🤖 AI Summary
This work addresses the challenges of long-term online visual mapping—namely, train-test mismatch due to a fixed global coordinate frame, attention bias toward early anchor points, and trajectory drift—by proposing a current-frame-centric, streaming feedforward reconstruction framework. The method abandons the global coordinate system entirely and instead introduces a transient anchor mechanism that reformulates 3D reconstruction as relative pose estimation and point cloud mapping within a local temporal window. Global consistency is preserved through integrated loop closure detection and motion averaging. Evaluated across diverse indoor and outdoor RGB-D and driving datasets, the approach substantially improves pose accuracy and dense reconstruction quality over long sequences while enabling low-memory online inference.
📝 Abstract
Long-horizon online visual mapping is a core capability for robot perception, requiring continuous camera-motion and scene-geometry estimation from visual streams under bounded memory and computation.
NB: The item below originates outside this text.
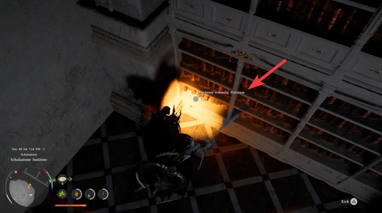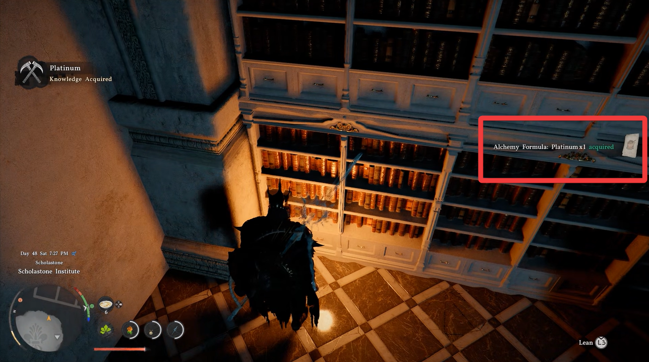 The Platinum recipe is hidden inside the Scholastone Institute, specifically within the library section of the main building. Once you enter through the main gate, you’ll want to head straight into the library area. As soon as you step inside, orient yourself toward the right-hand side, where you’ll notice a first-floor galleria (balcony-like section).

Recent feed-forward 3D reconstruction models provide strong geometric priors, but their streaming variants often predict poses in a fixed coordinate system tied to the first frame or a persistent scene memory. This fixed-gauge design leads to train--test mismatch, attention bias toward early anchors, and accumulated drift on sequences much longer than those seen during training. We propose \emph{Anchor3R}, a streaming 3D reconstruction framework that treats feed-forward reconstruction as current-centric local measurement prediction rather than persistent global-gauge regression. At each time step, Anchor3R predicts window-relative poses and a local pointmap in the current-frame coordinate system, turning streaming reconstruction into relative-pose measurement generation. These measurements support online pose updates, while loop-closure reinsertion and motion averaging align the trajectory and transform local pointmaps into a coherent global reconstruction. Experiments on indoor, outdoor, driving, and RGB-D benchmarks show that Anchor3R improves long-horizon pose accuracy and dense reconstruction quality over existing streaming baselines, while supporting bounded-memory online inference.